→ PROVIDED ENTRIES
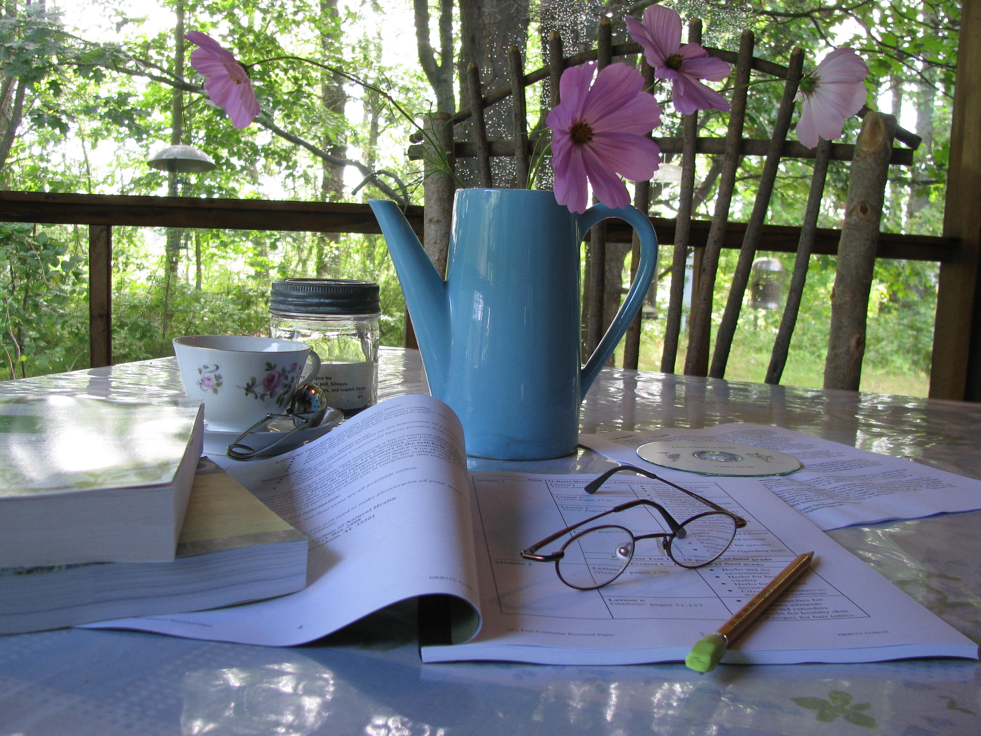 I have returned to the classroom… not as a teacher but as a student. A load of laundry is sloshing round and round in my front-loading washer, my dishwasher is so graciously cleaning my dishes for me, and my bread machine is kneading and providing a perfectly controlled temperature for my honey whole wheat bread's first rise so that I can then place it in a bread pan for its second rise before inserting in the oven. I picked a bouquet of cosmos from my garden and prepared a steaming cup of herbal orange spice tea (rosehips, orange peel, hibiscus, blackberry leaf, cloves, and roasted chicory) in my Grandma Grace's teacup. The birds feeding just off my backporch are supplying the most lovely melodies… no need for a nature CD. This is my classroom.
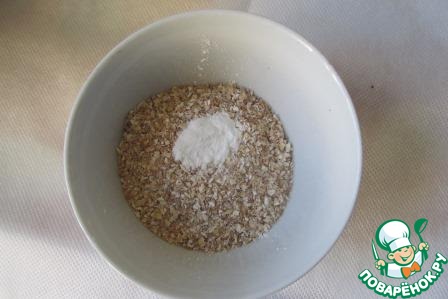 Отруби смешиваем с солью, специями и разрыхлителем.
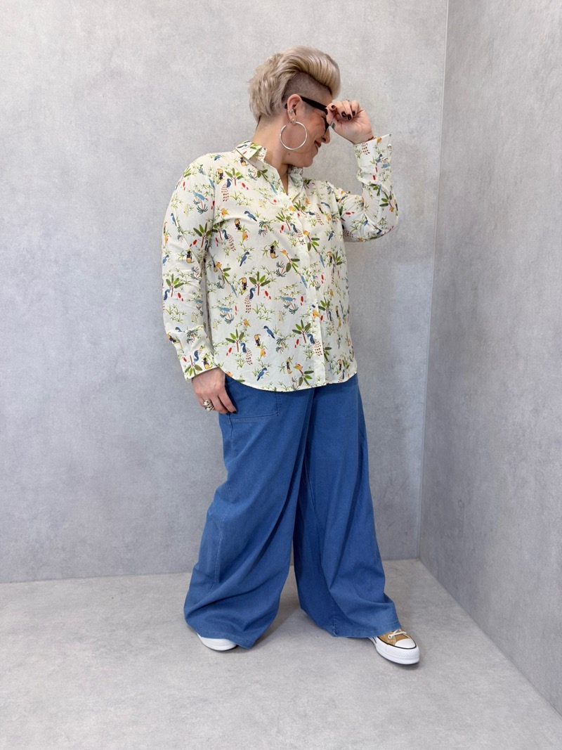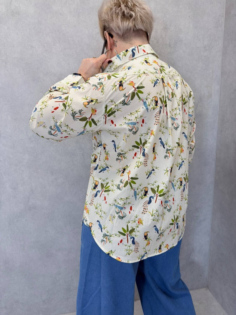 Fraîche et lumineuse, cette chemise imprimée s’inspire d’un univers tropical délicat mêlant feuillages, oiseaux colorés et détails végétaux. Son motif all-over apporte une touche d’évasion et de modernité tout en restant élégant et facile à porter au quotidien.
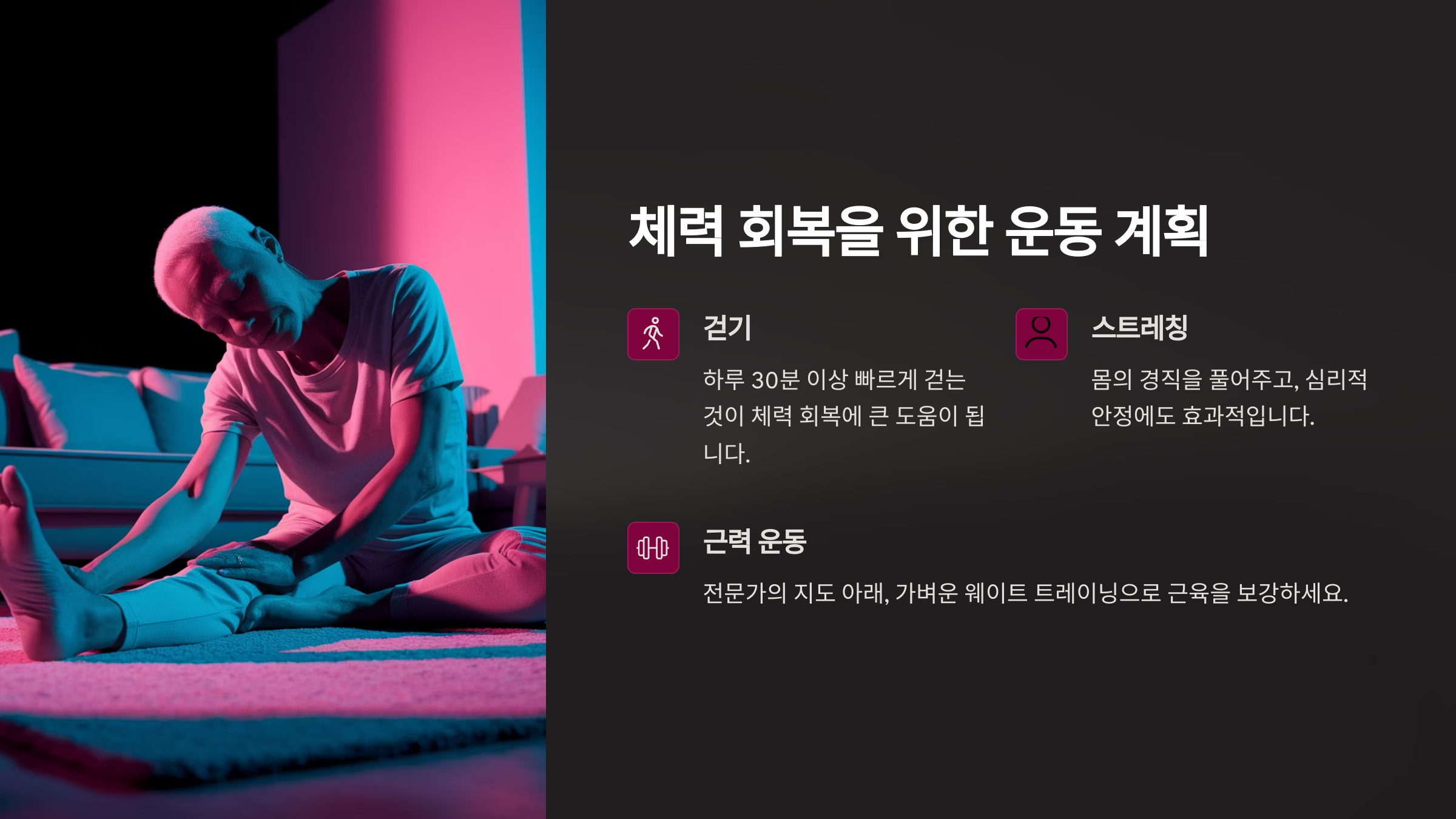 암 치료로 체력이 많이 떨어지기 때문에, 회복을 위해서는 규칙적인 운동이 매우 중요합니다. 하지만 초기에는 과도한 운동은 오히려 역효과를 불러올 수 있기 때문에, 자신에게 맞는 운동 강도를 찾는 것이 우선입니다.
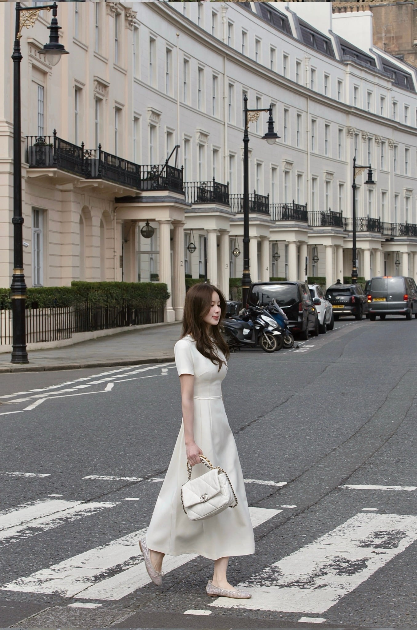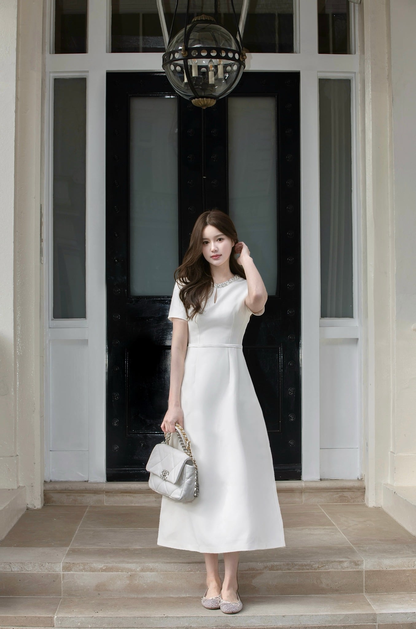 - Thân váy midi dáng xòe nhẹ, độ dài qua gối mang lại cảm giác trang nhã. Tà váy đổ tự nhiên, tạo hiệu ứng chuyển động mềm mại khi bước đi.

→ ABOUT THIS EXERCISE
Write out again the lines from the one with "암 치료로 체력이 많이" through the end of the records exactly, without any of the pictures.

→ SOLUTION FOR THIS EXERCISE
 암 치료로 체력이 많이 떨어지기 때문에, 회복을 위해서는 규칙적인 운동이 매우 중요합니다. 하지만 초기에는 과도한 운동은 오히려 역효과를 불러올 수 있기 때문에, 자신에게 맞는 운동 강도를 찾는 것이 우선입니다.
 - Thân váy midi dáng xòe nhẹ, độ dài qua gối mang lại cảm giác trang nhã. Tà váy đổ tự nhiên, tạo hiệu ứng chuyển động mềm mại khi bước đi.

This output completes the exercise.